• Carnigie Model



    The Carnegie model of organizational decision making is based upon the work of Richard Cyert, James March, and Herbert Simon, who were all associated with Carnegie-Mellon University. Their research helped formulate the bounded rationality approach to individual decision making as well as provide new insights about organization decisions. Until their work, research in economics assumed that business firms made decisions as a single entity, as if all relevant information were funneled to the top decision maker for a choice. Research by the Carnegie Group indicated that organization level decisions involved many managers and that a final choice was based upon a coalition among those managers. A coalition is an alliance among several managers who agree about organizational goals and problem priorities. It could include managers from line departments,
    staff specialists, and even external groups such as powerful customers, bankers, or union representatives.

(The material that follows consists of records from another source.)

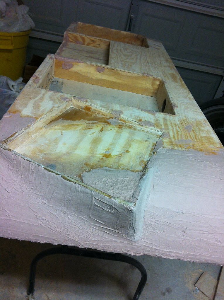 Installed the light sockets and wires in the table today Going to use floresecent bulbes from the home depot. And once i get things sanded better im going to install a glass plate so they are flush mounted.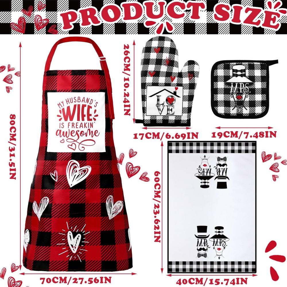 Features: The engagement gifts for couples are suitable for both experienced people and beginners, helping them keep clothes away from dirt and burns while baking. The wedding anniversary gifts are convenient for storage, also portable for you to carry out with, without taking up too much space. Specifications: Material: polyester material Color: as shown in the picture Package includes: 2 x Couples aprons sets 2 x Baking oven mitts 2 x Potholders 2 x Towels Notes: Manual measurement, please allow slight errors on size. The color may exist a slight difference due to different screen displays. Words printed on our products are only for decorating, not as trademarks, Our product is not suitable for sensitive skin. Test whether there is any allergy on a small part of your skin before use. Nice Combination: you will receive 2 pieces of Valentine's Day couples aprons sets, 2 pieces of baking oven mitts, 2 pieces of potholders and 2 pieces of towels; They are adequate in quantity, can well meet your daily use, and sharing needs Widely Applicable: the Valentine's Day aprons for women are suitable for couples, lovers to use, you can apply them for cooking, grilling, picnics, parties, camping and more, they are just what your lover need when he or she wants to show off their cooking skills Exquisite Design: the Mr and Mrs aprons sets are printed with heart warming words and interesting patterns, interesting and lively, the colors are elegant, can be machine washed; The apron is quite practical and will not deform, shrink or wrinkle easily, can cover from your chest to your knee, thus keeping you away from dust, oil, you can use it with confidence Fine Workmanship: the Christmas bridal shower gifts are made of polyester material, not easy to tear or fade, the apron is designed with large pocket and adjustable shoulder straps, suitable for most couples to wear, serviceable for long time use; The apron, mitt and potholders can bring you much convenience when you are cooking, gardening, picnic, camping and so on, keeping your clothes clean and tidy Kitchen Cooking Apron Gift Set: the Christmas gift for wedding couples can be applied as gifts for birthday, bridal shower, housewarming parties, wedding, engagement, anniversary, Valentine's Day to your wife, husband, girlfriend, boyfriend, lover, showing your love and care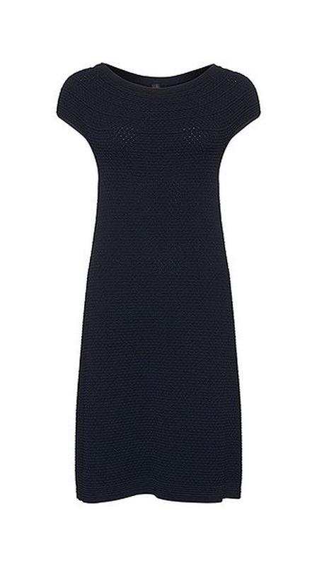 трикотажное платье Marc Cain темно-синего цвета. Длина 92 см, Полуобъем груди 42-56 см, Полуобъем бедер 51-65 см 75% вискоза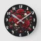 Gold Skulls & Red Roses Sparkle Gothic Glamour Round Clock

    Management coalitions are needed during decision making for two reasons. First, organizational goals are often ambiguous and operative goals of departments are often inconsistent. When goals sre ambiguous and inconsistent, managers disagree about problem priorities. They must bargain about problems and build a coalition around the question of which problems to solve. For example, in the Quaker Oats decision described at the beginning of this chapter, months of bargaining and discussion took place before the decision was made to acquire Anderson Clayton to obtain the Gaines Division.
    The second reason for coalitions is that individual managers intend to be rational, but function with human cognitive limitations and other constraints as described earlier. Managers do not have the time, resources, or mental capacity to identify all dimensions and to process all information relevant to a decision. These limitations lead to coalition building behavior. Managers talk to each other and exchange points of view to gather information and reduce ambiguity. People who have relevant information or a stake in a decision outcome are consulted. Building a coalition will lead to a decision that is supported by interested parties.

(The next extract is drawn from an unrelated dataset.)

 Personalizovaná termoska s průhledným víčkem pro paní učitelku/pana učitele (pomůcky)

    The process of coalition formation has several implications for organizational decision behavior. First, as discussed in chapter 2 on goals, decisions are made to satisfice rather than to optimize problem solutions. The coalition will accept a solution that is perceived as satisfactory to all coalition members. Second, managers are concerned with immediate problems and short run solutions. They engage in what Cyert and March called problemistic search. Problemistic search means managers look around in the immediate environment for a solution to quickly resolve a problem. Managers don’t expect a perfect solution when the situation is ill defined and conflict laden. This contrasts with the management science approach, which assumes that analysis can uncover every reasonable alternative. The Carnegie model says search behavior is just sufficient to produce a satisfactory solution, and that managers typically adopt the first satisfactory solution that emerges. Third, discussion and bargaining are especially important in the problem identification stage of decision making. Unless coalition members perceive a problem action will not be taken. The decision process described in the Canegie model is summarized in exhibit 11.3.
    The Carnegie model points out that building agreement through a managerial coalition is a major part of oganizational decision making. This is especially true at upper management levels. Discussion and bargaining are time consuming, so search procedures are usually simple and the selected alternative satisfices rather than optimizes problem solution. When problem are programmed are clear and have been before the organization will rely on previous procedures and routines. Rules and procedures prevent the need for renewed coalition formation and political bargaining. Nonprogrammed decisions, however, require bargaining and conflict resolution.
    One of the best and most visible coalition builders is President George Bush. He seeks a broad based coalition at the start of the decision process for all important decisions, especially for the Persian Gulf War. He kept up barrage of personal phone calls and visits to world leaders to gain agreement for his vision of forcing Saddam Hussein from Kuwait and for shaping a “new world order”.
    Rod Canion, founder and CEO of Compaq Computer Corporation, also uses coalition building and has installed it as a primary value in Compaq’s corporate culture. Any significant decision will be discussed with several people, many from outside the department affected, just to keep everyone on board.
    When senior managers are unable to build a coalition around goals and problem priorities, the results can be a disaster, as illustrated by the case of Arp Instruments.
    The point of the Carnegie model and the Arp  case is that coalitions are needed for strong performance.  When top managers perceive a problem or want to make a major decision, they need to reach agreement with other managers to support the decision.